Keeping an eye on the Inauguration
February 4, 2009
Colleen Beeson of VSee holds the hardware component of their virtual office system, a technology that helped law enforcement monitor a vast number of security cameras at the 2009 Inauguration of President Barack Obama. Credit: VSee
One of the toughest technological challenges for law enforcement is to simultaneously monitor live feeds from the wireless cameras scattered across their jurisdictions. A nearly impossible task under any circumstances, it was an even greater one for Barack Obama's Presidential Inauguration.
In planning to safeguard the millions of visitors and residents in the city for the Inauguration events, Washington, D.C. required a new surveillance approach.
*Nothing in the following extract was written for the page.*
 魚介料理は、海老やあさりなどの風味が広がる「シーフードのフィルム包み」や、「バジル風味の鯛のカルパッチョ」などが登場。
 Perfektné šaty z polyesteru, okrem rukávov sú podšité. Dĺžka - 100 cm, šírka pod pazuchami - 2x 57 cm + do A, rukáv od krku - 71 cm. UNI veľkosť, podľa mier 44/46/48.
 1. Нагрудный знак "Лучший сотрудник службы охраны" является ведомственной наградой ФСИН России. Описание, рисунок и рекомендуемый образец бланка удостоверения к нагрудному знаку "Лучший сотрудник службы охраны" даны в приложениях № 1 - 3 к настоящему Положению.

In response, law enforcement adapted a "virtual office" system called VSee to overcome the bandwidth obstacles that had prevented simultaneous access to all of the city's cameras.
Developed with National Science Foundation (NSF) support as part of the Small Business Innovation Research Program, VSee is a combination of hardware and software that allows users to securely receive and share large amounts of information, usually within a virtual office environment.
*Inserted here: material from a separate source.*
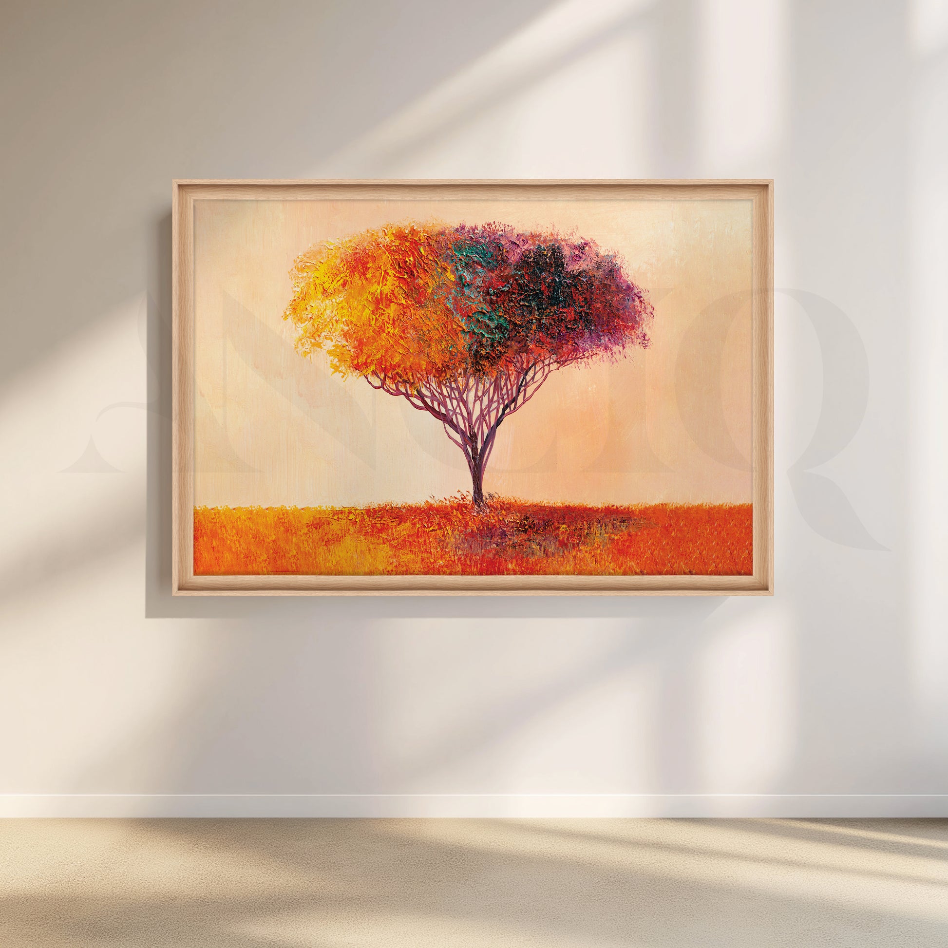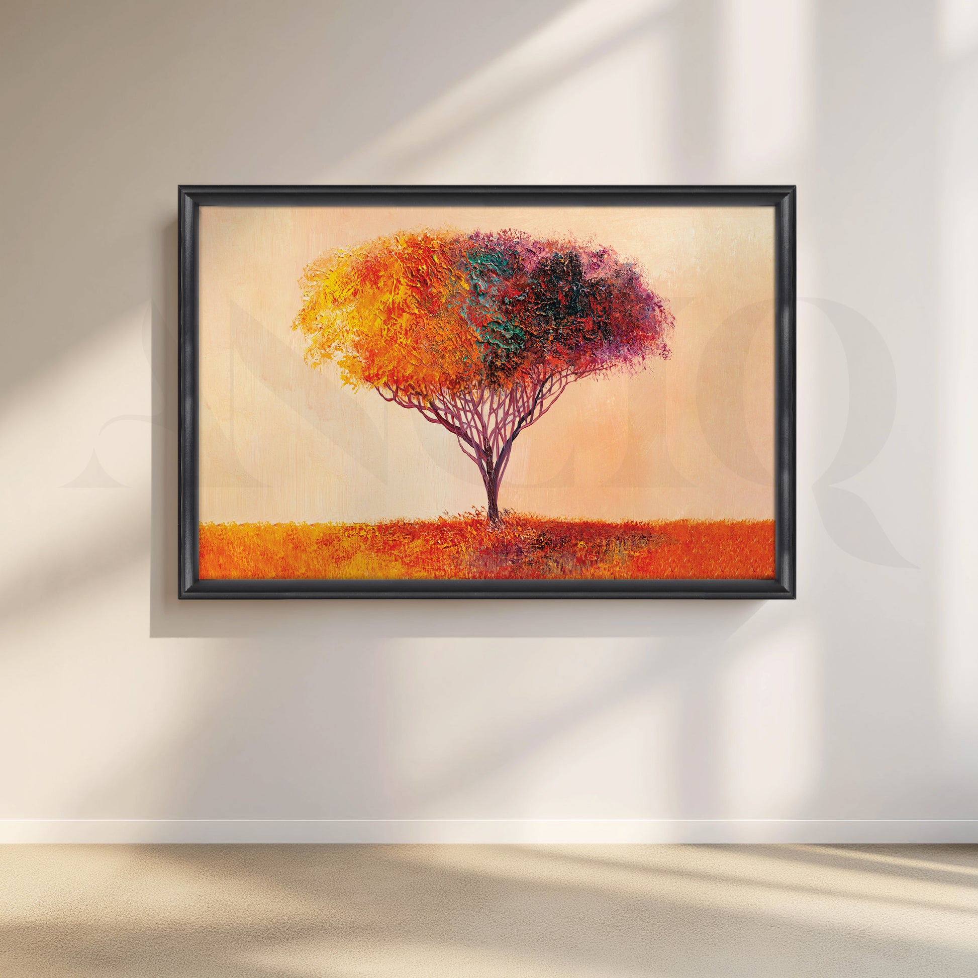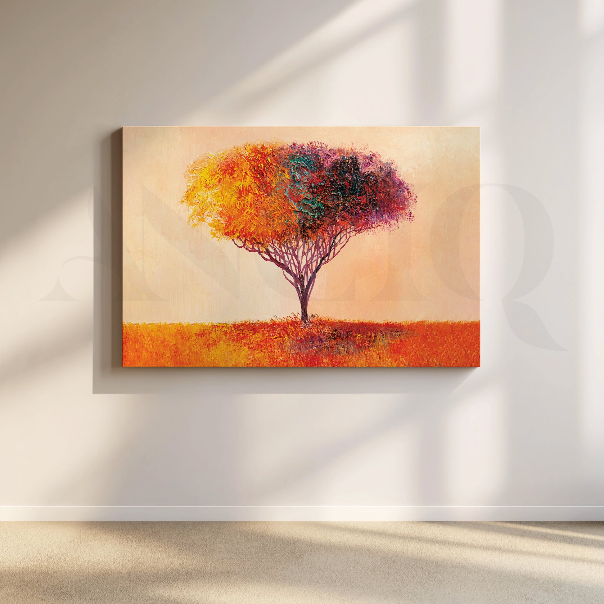 The "Resilient Beauty Canvas Wall Painting" is a vibrant and abstract depiction of a tree. The tree is full of life and color, with a strong trunk and branches that reach out towards the sky. The painting is made with high-quality materials and is sure to last for years to come. It is a beautiful and unique piece of art that will add a touch of whimsy to any home.

Though originally created as a telework platform, VSee was adapted to enable security officers to watch multiple remote cameras in real time from a single command center. Because the changes to the system shrank the cameras' data-streaming bandwidth to a fraction of its original size, even police cruisers were able to access the feeds via cellular networks.
The technology originally emerged as the Ph.D. work of Milton Chen, then at Stanford University, where he focused on videoconferencing and remote collaboration. "After I completed my Ph.D., my advisors and some of my colleagues who worked on the project decided to form VSee with me," says Chen.
Not satisfied with existing virtual office approaches, Chen wanted to find a way to capture the advantages of telework without the usual technical shortfalls and impact on office social dynamics--both burdens on productivity. Even today, with the support of funds from NSF and other sources, Chen and his team modify the software based on findings from research studies of the social dynamics of both the workplace and home work environments.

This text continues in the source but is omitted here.